If I were to do it with vanilla zarr (and if I understand correctly), each job will have to download all the intersecting chunks from the already written zarr store, do the update in memory, and then write again the new chunks.
So writing a single satellite image will require me to download 100 satellite images from my zarr store, and then upload again 100 satellite images.
This also has the obvious problem that if two satellite images were being written at the same time, there would be no consistency guarantees.

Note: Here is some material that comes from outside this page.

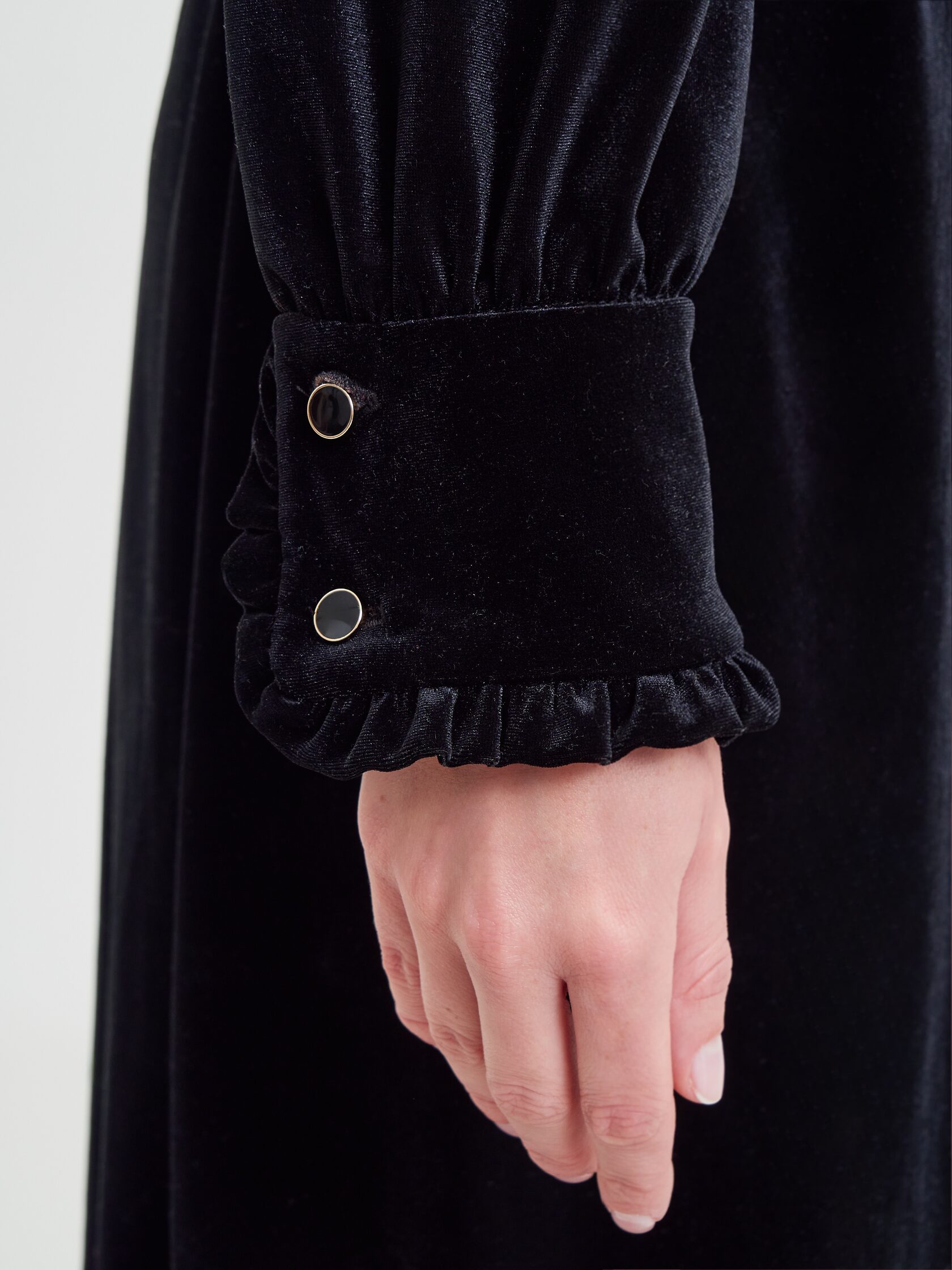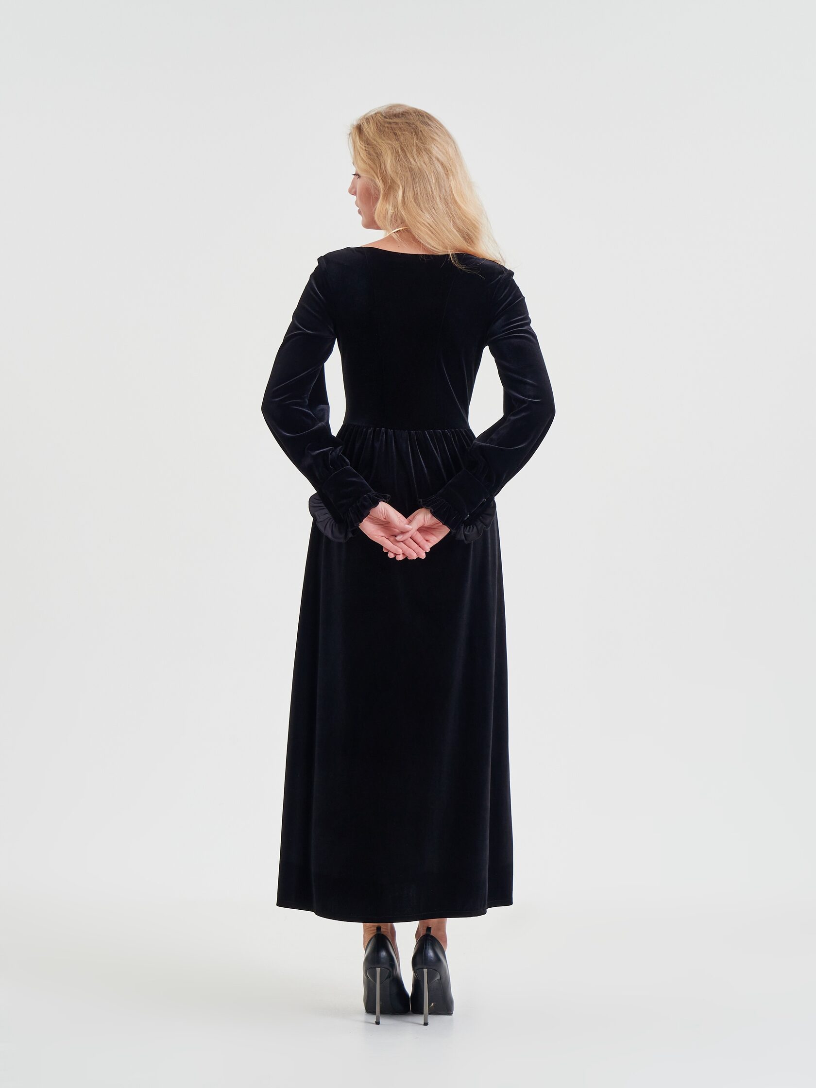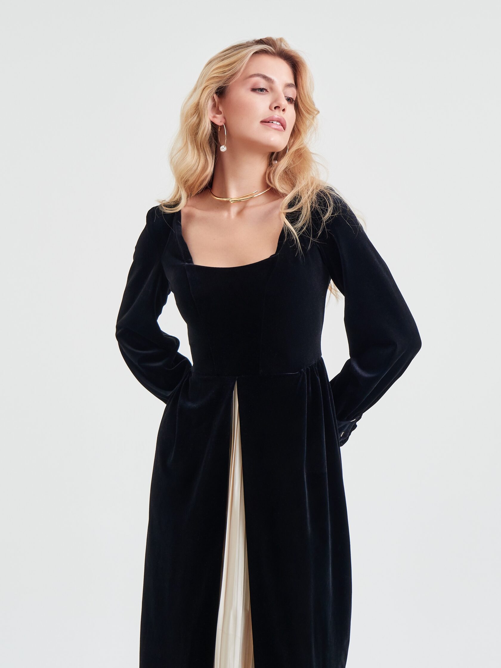Черный бархат задает тон всему образу. Он одновременно строгий и с легкой игривостью в виде деликатного блеска. Вставка плиссе из искусственного шелка цвета айвори оживает вместе с движениями обладательницы изделия.
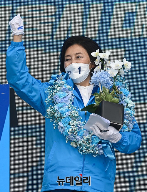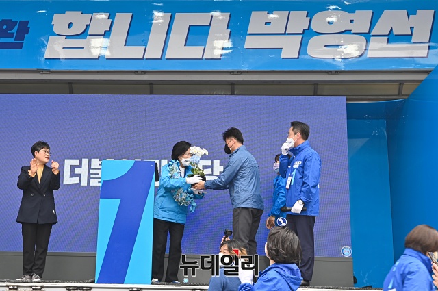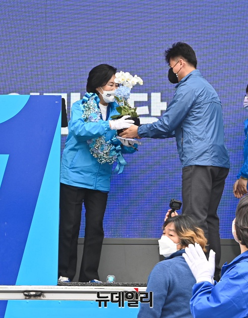 박영선 더불어민주당 서울시장 후보가 2일 오후 서울 중구 남대문시장에서 열린 집중유세에서 꽃다발을 받고 지지자들에게 인사하고 있다.

How exactly does Icechunk solve this problem?
The way I understand it from the spec is that it does the exact same thing, except that it does clever serialization, so that one of the racing jobs will fail and thus avoid inconsistency.
But this would still mean that writing a single image will be ~200 slower than with the (1, 1000, 1000) chunks. Also the object storage write costs will be 100 times larger, because I will be writing the same data again and again.

The way this problem is solved in the open table formats like Iceberg is "compaction", the writers only really write new data in small chunks. The dataset abstracts over these small files, and one can later run a compaction operation that merges them into one big file to optimize them for analysis.
This way, both the realtime and historical data have their optimal chunking and the user has a unified interface over the dataset.

From what I've seen, Icechunk spec seems to be flexible enough to allow this, but I have not seen anything in the API that would help me do this compaction.
The sharding seems to be similar, but does it allow this? Will there be API in Icechunk that will help me shard historical data in big shards, while also enabling me to write new data in small shards?

An idea that I toyed with is to have two zarr stores, one "realtime" and one "historical", each with their own optimal chunking, then there would be a "compaction" pipeline that will move data from the realtime to the historical zarr.
But this is obviously very clunky and not user-friendly.

Does Icechunk solve this?
Thank you

vladidobro · 2025-05-27T15:31:34Z

vladidobro
May 27, 2025
Author

The issue is quite similar to what was mentioned in a different discussion topic

#802 (reply in thread)

Except that here I really don't have an option to process the images together, because they arrive at different times.

@rabernat mentioned there that there will be some rechunking on the roadmap, that seems to be the solution?

0 replies

rabernat · 2025-05-29T17:02:12Z

rabernat
May 29, 2025
Maintainer

Hi @vladidobro. 👋 Thanks for your interesting question.

The short answer is no--today Icechunk does not solve this problem generally. This is the flavor of the "rechunking" problem. You are feeling the tension between choosing chunks that are optimized for your write pattern vs. chunks that are optimized for your read pattern. This problem is generic to the Zarr data model, which is what Icechunk implements. Icechunk does not provide any capabilities for automatic rechunking today.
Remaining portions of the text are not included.